Whisper is used by a company called Nabla for a tool that it estimates has transcribed 7 million medical conversations, according to AP. More than 30,000 clinicians and 40 health systems use it, the outlet writes. The report says that Nabla officials “are aware that Whisper can hallucinate and are addressing the problem.” In a blog post published Monday, execs wrote that their model includes improvements to account for the “well-documented limitations of Whisper.”

Harms perpetuating violence involve misrepresentation of a speaker’s words that could become part of a formal record (e.g. in a courtroom trial); we present 3 subcategories of examples: physical violence, sexual innuendo, and demographic stereotyping (4/14) pic.twitter.com/zhsKxI2qNs

— Allison Koenecke (@allisonkoe) June 3, 2024

A group of researchers from Cornell University, the University of Washington, and others described their findings in a peer-reviewed study presented in June at the Association for Computing Machinery FAccT conference.

According to the researchers, “While many of Whisper’s transcriptions were highly accurate, we find that roughly one percent of audio transcriptions contained entire hallucinated phrases or sentences which did not exist in any form in the underlying audio… 38 percent of hallucinations include explicit harms such as perpetuating violence, making up inaccurate associations, or implying false authority.”

The researchers noted that “hallucinations disproportionately occur for individuals who speak with longer shares of non-vocal durations,” which they said is more common for those with a language disorder called aphasia.

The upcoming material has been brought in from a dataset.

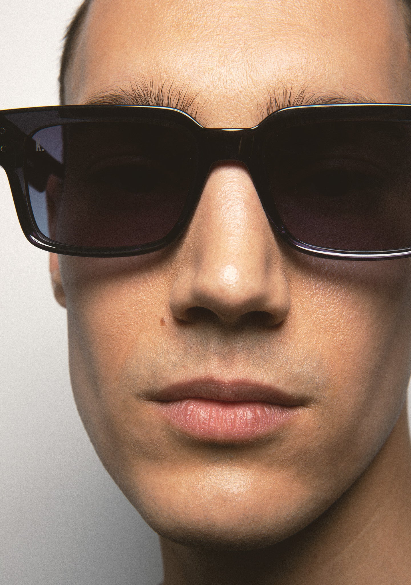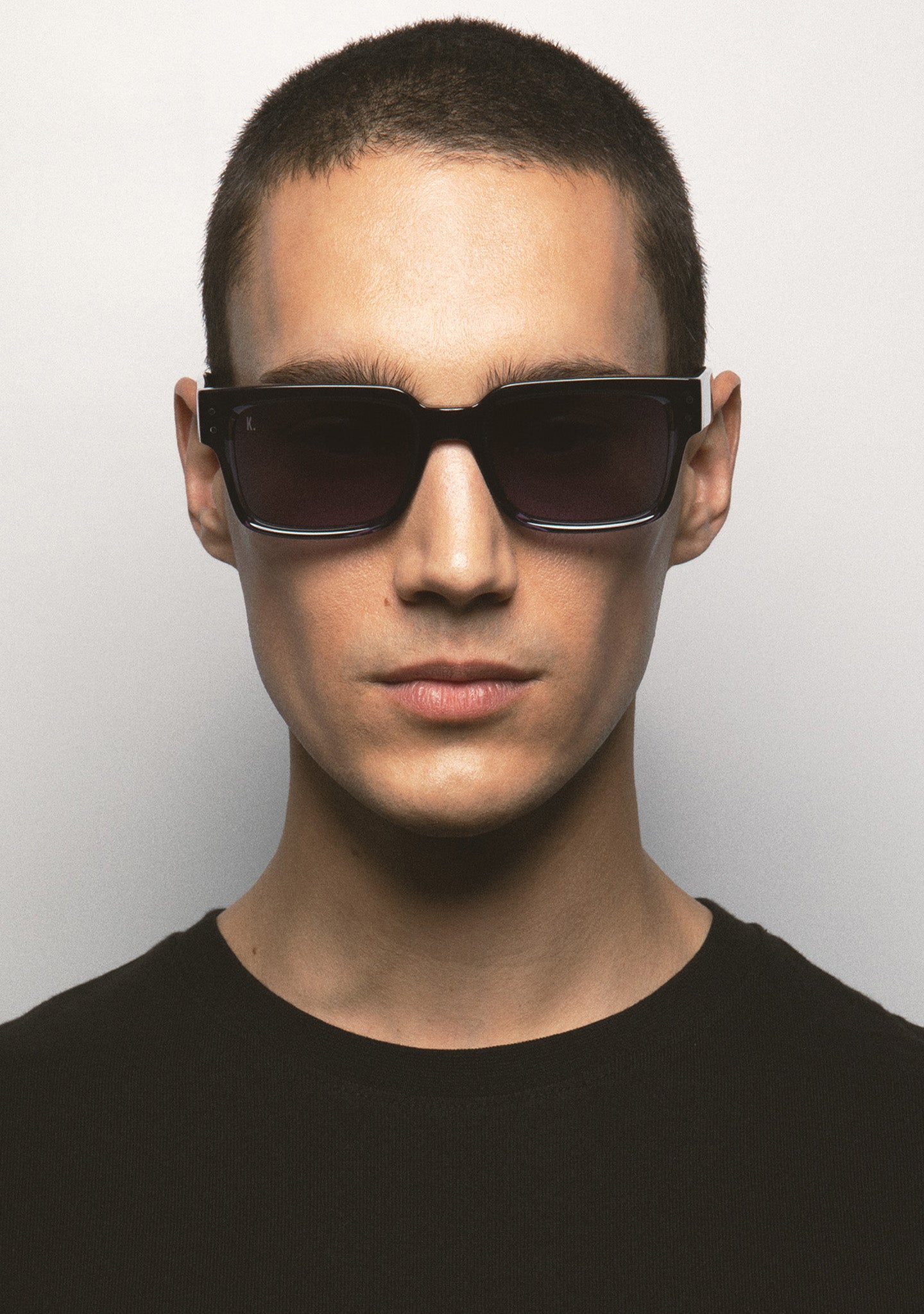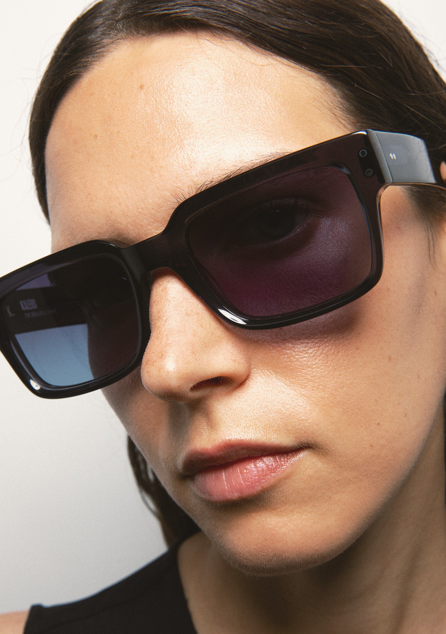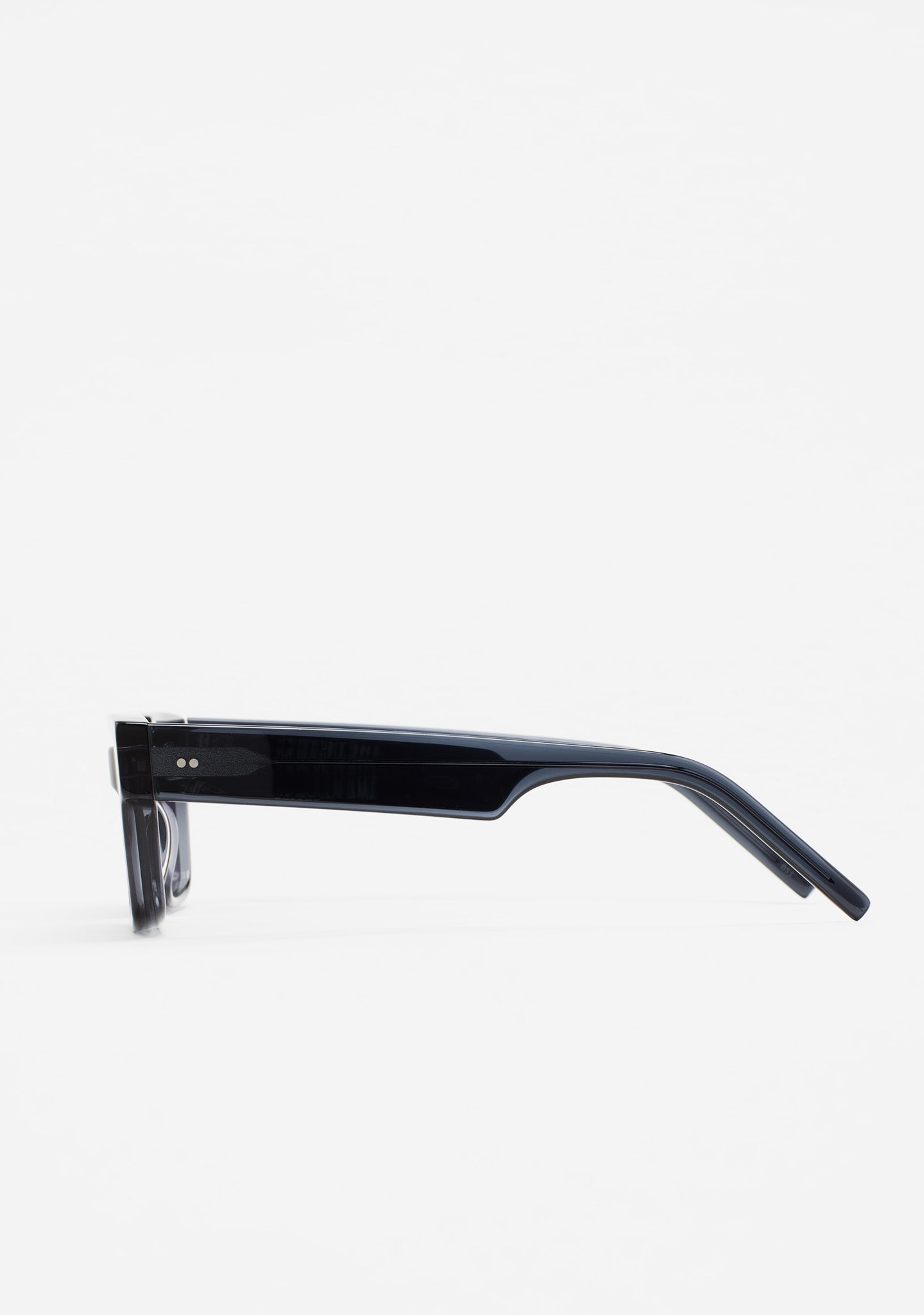 Rectangular-shaped optical glasses. Black acetate front and temples. Silver rivet hinges on the corners and temples. Blue photochromic gradient 2-base lens with UV protection and anti-reflective treatment. Category 1-3 lenses. Built-in acetate nose pads. Handmade.

Many of the recordings they used were gathered from TalkBank’s AphasiaBank.

One of the researchers, Allison Koenecke of Cornell University, posted a thread about the study showing several examples like the one included above.

The researchers found that the AI-added words could include invented medical conditions or phrases you might expect from a YouTube video, such as “Thank you for watching!” (OpenAI reportedly used to transcribe over a million hours of YouTube videos to train GPT-4.)

OpenAI spokesperson Taya Christianson emailed a statement to The Verge:

We take this issue seriously and are continually working to improve, including reducing hallucinations. For Whisper use on our API platform, our usage policies prohibit use in certain high-stakes decision-making contexts, and our model card for open-source use includes recommendations against use in high-risk domains. We thank researchers for sharing their findings.

On Monday, Nabla CTO Martin Raison and machine learning engineer Sam Humeau published a blog post titled “How Nabla uses Whisper.” Raison and Humeau say Nabla’s transcriptions are “not directly included in the patient record,” with a second layer of checking by a large language model (LLM) query against the transcript and the context of the patient and that “Only facts for which we find definitive proof are considered valid.”

They also say that it has processed “9 million medical encounters” and that “while some transcription errors were sometimes reported, hallucination has never been reported as a significant issue.”

Update, October 28th: Added blog post from Nabla.

Update, October 29th: Clarified that the Cornell University, etc. study was peer-reviewed.

Correction, October 29th: A previous version of this story cited ABC News. The story cited was published by The Associated Press, not ABC News.